Unburden water companies to combat flooding
Reducing red tape and "other burdens on water and sewerage companies is one of the proposals in the government's draft Flood and Water Management Bill, published last month, which aims to help deal with flood emergencies.
The consultation document outlines ways for improving preparations for and responses to flood emergencies, and for better protecting water supplies during drought.
The aims are to:
- Reduce the likelihood and impacts of flooding
- Improve our ability to manage the risk of flooding by clarifying who is responsible for what
- Improve water quality
- Give water companies better powers to conserve water during drought
- Improve overall efficiency and management of the industry
- Reduce pollution levels and improve water quality
Environment secretary Hilary Benn said: “We can’t stop rain falling from the sky, or make it rain during droughts, but we can be better prepared. That’s why we are publishing this draft bill, which will help us better protect the public by clearly defining the roles and responsibilities of everyone involved in flood risk management.”
Benn said action had been taken to protect property and to prepare for emergencies, including setting up a Flood Forecasting Centre; providing £15M to local authorities to lead flood management locally and develop surface-water management plans; making a £5M fund available to households for personal flood protection, as well as £2M for improving water rescue, including funding for rescue boats and trained personnel.
“The setting up of the new Flood Forecasting Centre [a partnership between the Environment Agency and the Met Office], which was a recommendation of Sir Michael Pitt’s report into the 2007 floods, will help provide the best possible information and support to existing flood warnings and weather warning services.
The draft bill also includes measures to better protect the supply of water during drought.
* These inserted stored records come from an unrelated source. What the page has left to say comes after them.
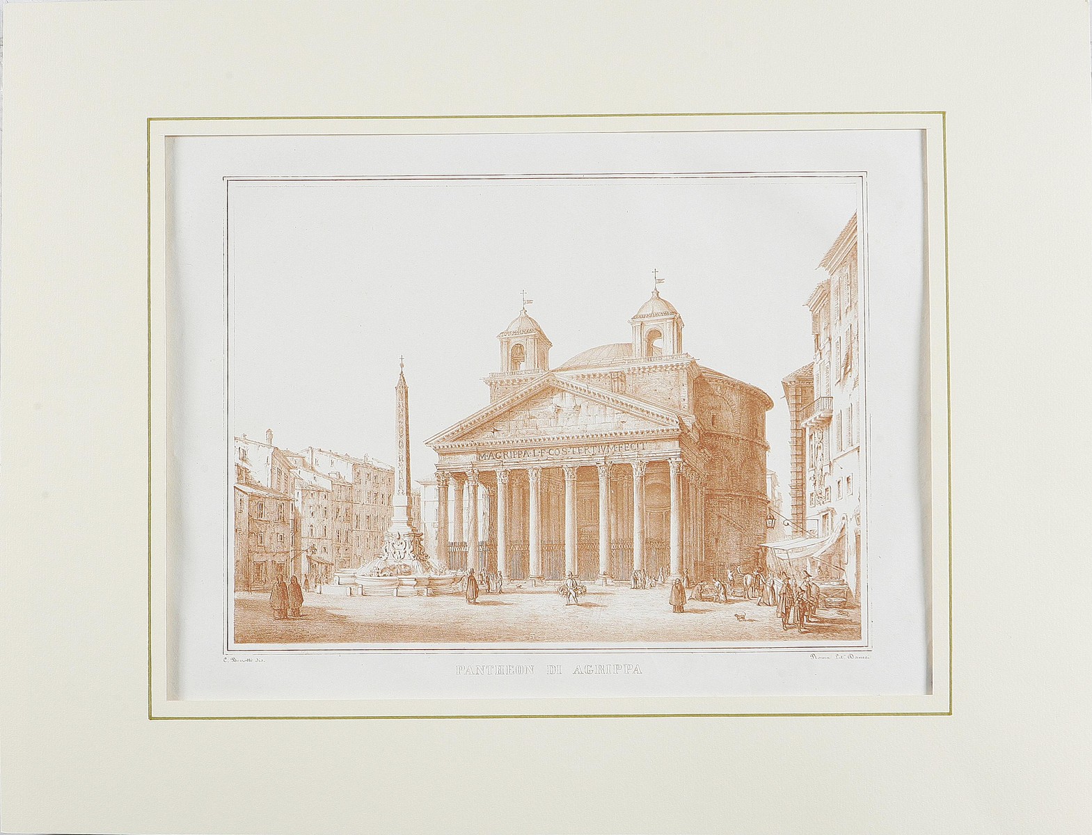 LITOGRAFIA DANESI Pantheon di Agrippa. Litografia. Cm 61x46,5. Litografia Danesi è attiva a Roma nella metà del XIX sec. Incisione litografica col. sanguigna eseguita su disegno di C. Berzotti - Roma metà del XIX° sec. - Dim. dell’intero foglio con ampi margini L. 61 x 46,5 cm. (dim. della sola parte incisa senza le lettere L. 38,5 x 29 cm.).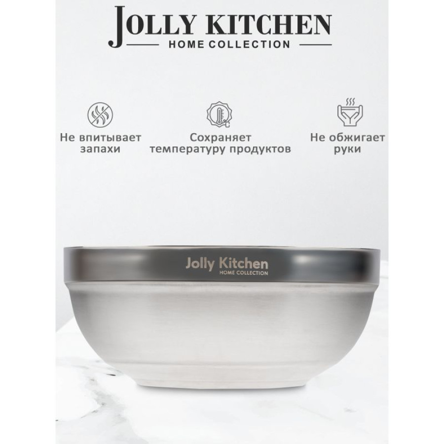 Кухонная миска Jolly Kitchen с двойными стенками – стильный и практичный аксессуар с зеркальной полировкой. Благодаря изотермическим свойствам сохраняет температуру содержимого и не обжигает руки, что идеально для горячих блюд и пикников. Выполнена из прочного металла, не впитывает запахи – подходит для маринования и хранения продуктов. Удобна для смешивания ингредиентов, нарезки овощей и сервировки. Можно мыть в посудомоечной машине. Ограничения: не подходит для СВЧ, плит и открытого огня. Элегантный дизайн делает её прекрасным подарком и украшением кухни.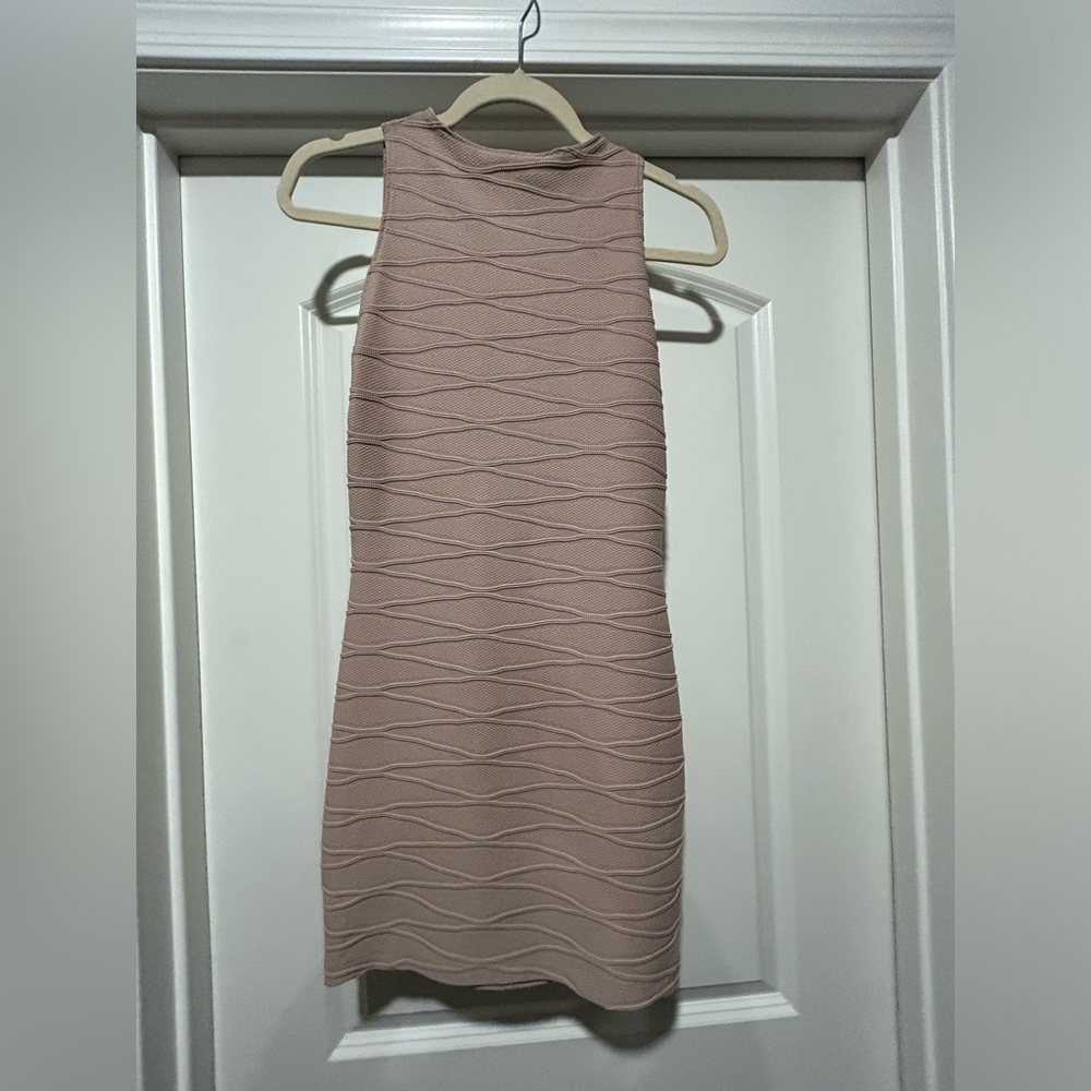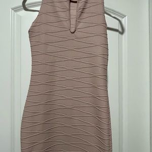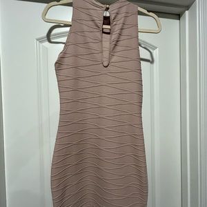 Windsor- body-con Dress. High neck, tan/taupe color.

Parts of England are already water stressed and the impacts of both climate change and a rising population will increase demands for more, or better, water and sewerage infrastructure, and mean that the management of water as a precious resource must be improved.
Proposals in the draft bill set out how the water industry will be managed better so that it can cope with these challenges and provide a better service to households and businesses.
The consultation process ends on July 24.